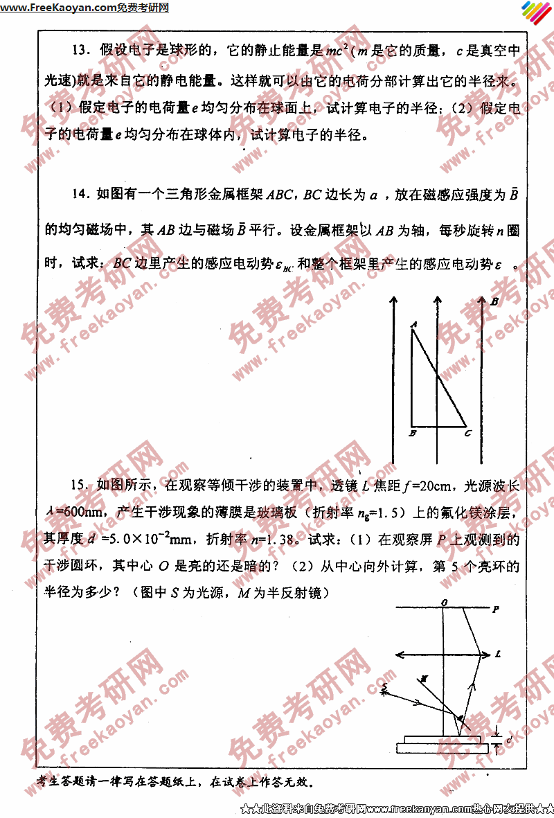 专业课考研经验 本站小编 FreeKaoyan 2018-01-23华中师范大学2005年考研真题-普通物理学(二)
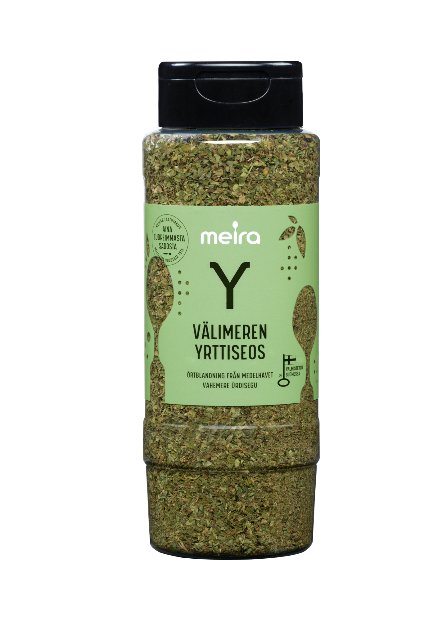 GluteenitonVälimeren yrttiseos sopii erilaisten kasvis- ja liharuokien maustamiseen. Meiran laatutakuu: Meiran mausteet ovat aina tuoreimmasta sadosta, jolloin kaikki luonnolliset makuaromit ja tuoksut ovat tallella.
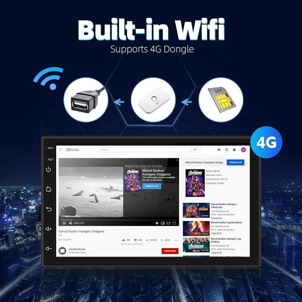 Автомагнитола 2DIN, мультимедийный плеер с Bluetooth, OBD2, 1 ГБ ОЗ...
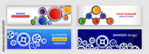 Vector web banner template set. Building, Repairs, Painting services concept thin line art flat style design elements.
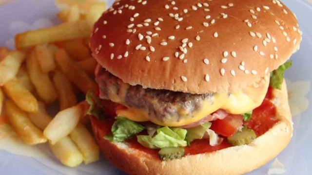 Coupez les pains en deux et faites-les toaster au four. Garnissez une moitié de pain de ketchup. Placez la viande chaude surmontée du fromage et continuez à superposer les ingrédients : un peu d'oignons frits, 2 tranches de tomates, de la laitue, 2 ou 3 tranches de cornichons, le bacon. Tapissez la seconde moitié du petit pain de mélange ketchup et moutarde et refermez votre hamburger. Dégustez sans tarder.
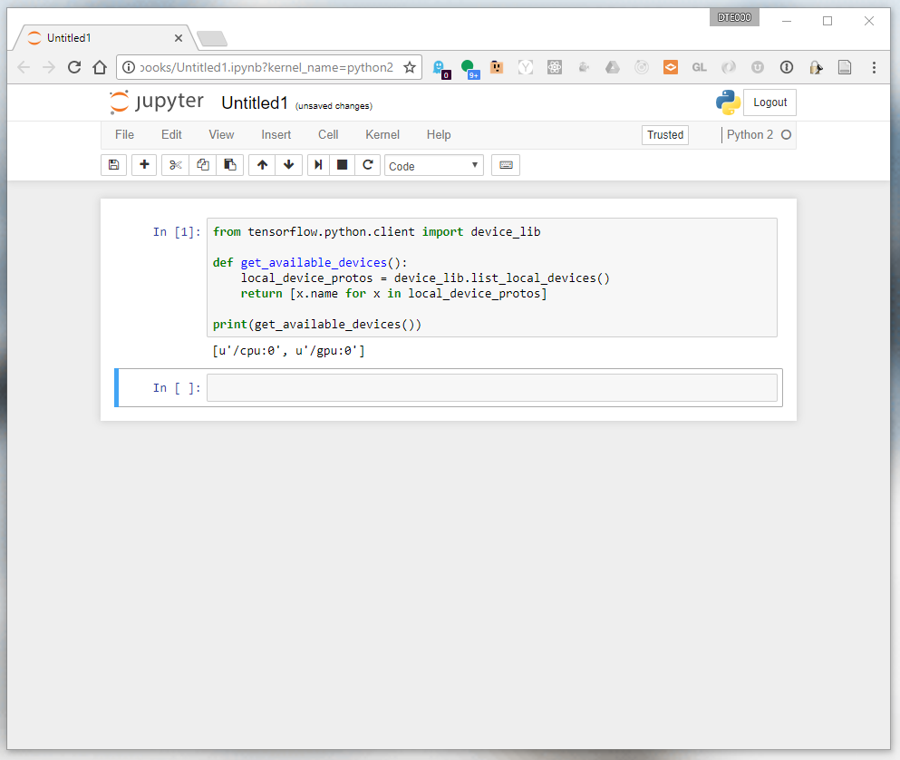sudo nvidia-docker run --rm --name tf-notebook -p 8888:8888 -p 6006:6006 gcr.io/tensorflow/tensorflow:latest-gpu jupyter notebook --allow-root

▶ [What you should do]: Each entry above must come back exactly as written. Drop the images.

▶ [Reply to the task]:
 专业课考研经验 本站小编 FreeKaoyan 2018-01-23华中师范大学2005年考研真题-普通物理学(二)
 GluteenitonVälimeren yrttiseos sopii erilaisten kasvis- ja liharuokien maustamiseen. Meiran laatutakuu: Meiran mausteet ovat aina tuoreimmasta sadosta, jolloin kaikki luonnolliset makuaromit ja tuoksut ovat tallella.
 Автомагнитола 2DIN, мультимедийный плеер с Bluetooth, OBD2, 1 ГБ ОЗ...
 Vector web banner template set. Building, Repairs, Painting services concept thin line art flat style design elements.
 Coupez les pains en deux et faites-les toaster au four. Garnissez une moitié de pain de ketchup. Placez la viande chaude surmontée du fromage et continuez à superposer les ingrédients : un peu d'oignons frits, 2 tranches de tomates, de la laitue, 2 ou 3 tranches de cornichons, le bacon. Tapissez la seconde moitié du petit pain de mélange ketchup et moutarde et refermez votre hamburger. Dégustez sans tarder.
sudo nvidia-docker run --rm --name tf-notebook -p 8888:8888 -p 6006:6006 gcr.io/tensorflow/tensorflow:latest-gpu jupyter notebook --allow-root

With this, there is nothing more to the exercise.